Les dirigeants du leader français du porc, le groupe coopératif Cooperl-Hunaudaye (Lamballe, Côtes d’Armor) ont confirmé, le 6 juin lors d’un point presse, tout l’intérêt qu’ils portent à un rapprochement avec Arca (Pays de la Loire) dont parle tout le landerneau porcin depuis plusieurs mois Cf Agra alimentation n° 2004 du 24.01.08 p.21. Si « la décision finale n’est pas encore prise », le président du groupe coopératif, Guy Dartois a précisé que la solution la plus raisonnable « serait la fusion », mais qu’elle ne pourra pas intervenir avant 2009.

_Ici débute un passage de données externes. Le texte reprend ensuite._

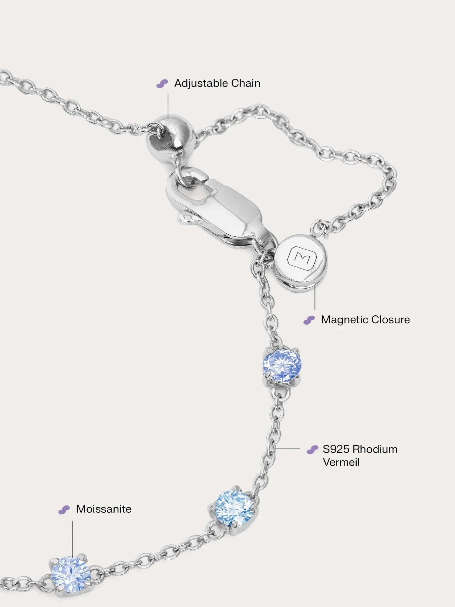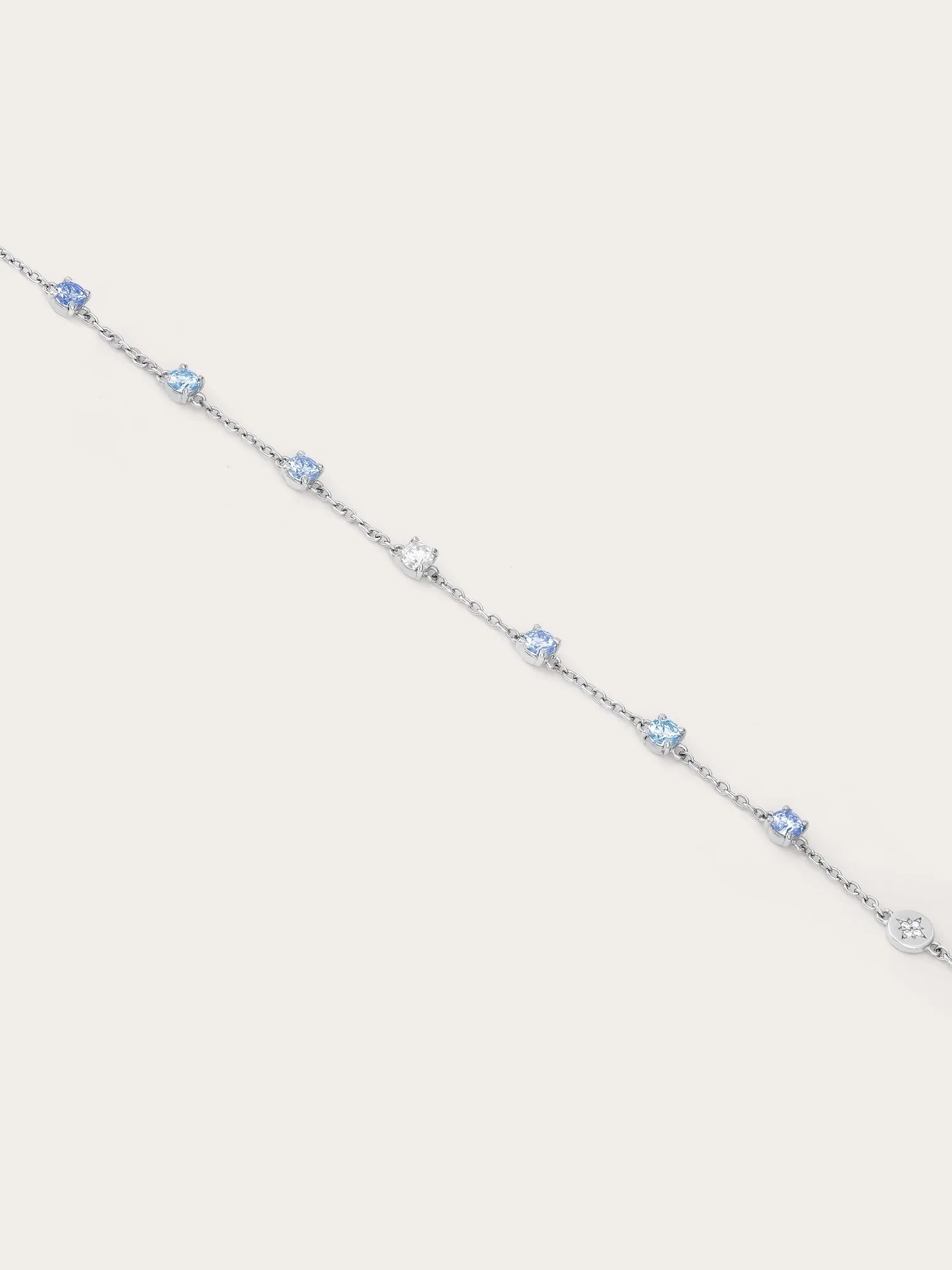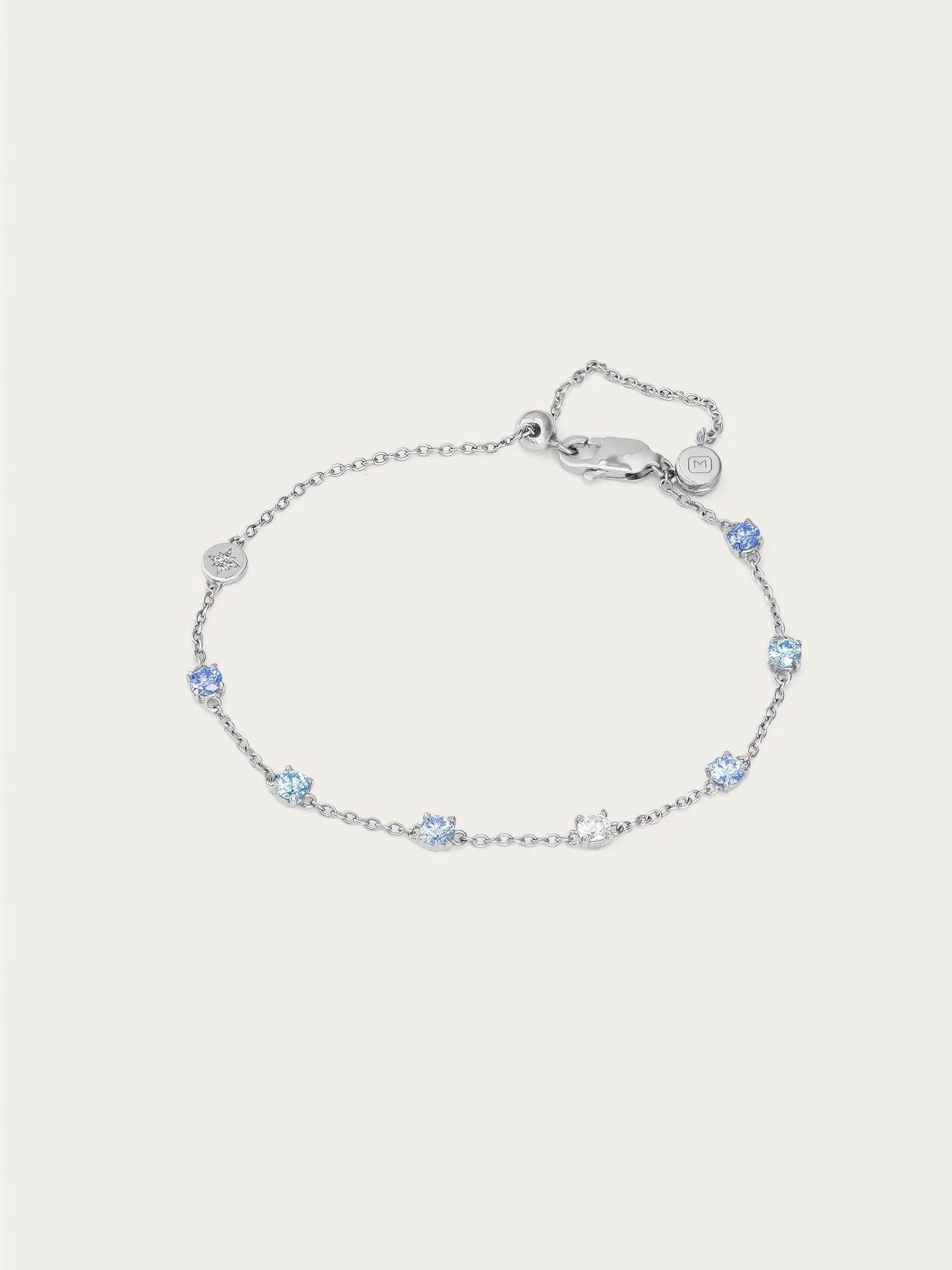 This bracelet features a gradient of 7 hand-set moissanite stones in ombre shades of blue and white. Inspired by the tranquility of winter, its delicate design combines timeless elegance with a modern twist. It is handcrafted using S925 rhodium vermeil.
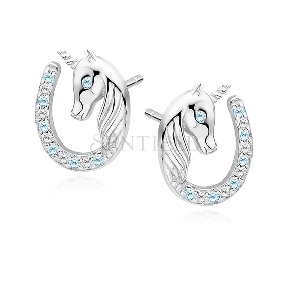 Srebrne kolczyki pr. 925 podkowa - jednorożec z białymi i akwamarynowymi cyrkoniami oraz akwamarynowym okiem
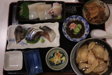 ホテルの駐車場内にある居酒屋にて夕食、(じゃらんでセットになっていた)定食+ビールで1000円はリーズナブル。
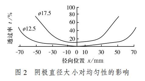采用兩種不同直徑大小的陰極進行實驗,它們的直徑分別為ö17.5mm和ö12.5mm,此時輔助陽極高度為30mm、內徑為40mm、內孔錐度45°,所得結果如圖2所示。在ö70mm范圍內,它們的透過率相對變化分別為±41.7%、。膜厚均勻性沒有明顯變化。可見陰極的尺寸雖然改變了,但它的放電面積變化并不大。要想改善膜層均勻性,必須使陰極表面均勻放電,即弧斑在陰極表面上均勻游動。

Un élément qui prouve que les deux groupes ont d’ores et déjà étudié tous les scénarii possibles. Le directeur général, Emmanuel Commault précise qu’un regroupement permettrait d’économiser entre 5 et 10 millions d’euros par an. La fusion donnerait naissance au premier groupe français en production porcine avec 6,4 millions de porcs produits par an (3,7 pour Cooperl-Hunaudaye), soit le quart de la production française, et 5 millions transformés.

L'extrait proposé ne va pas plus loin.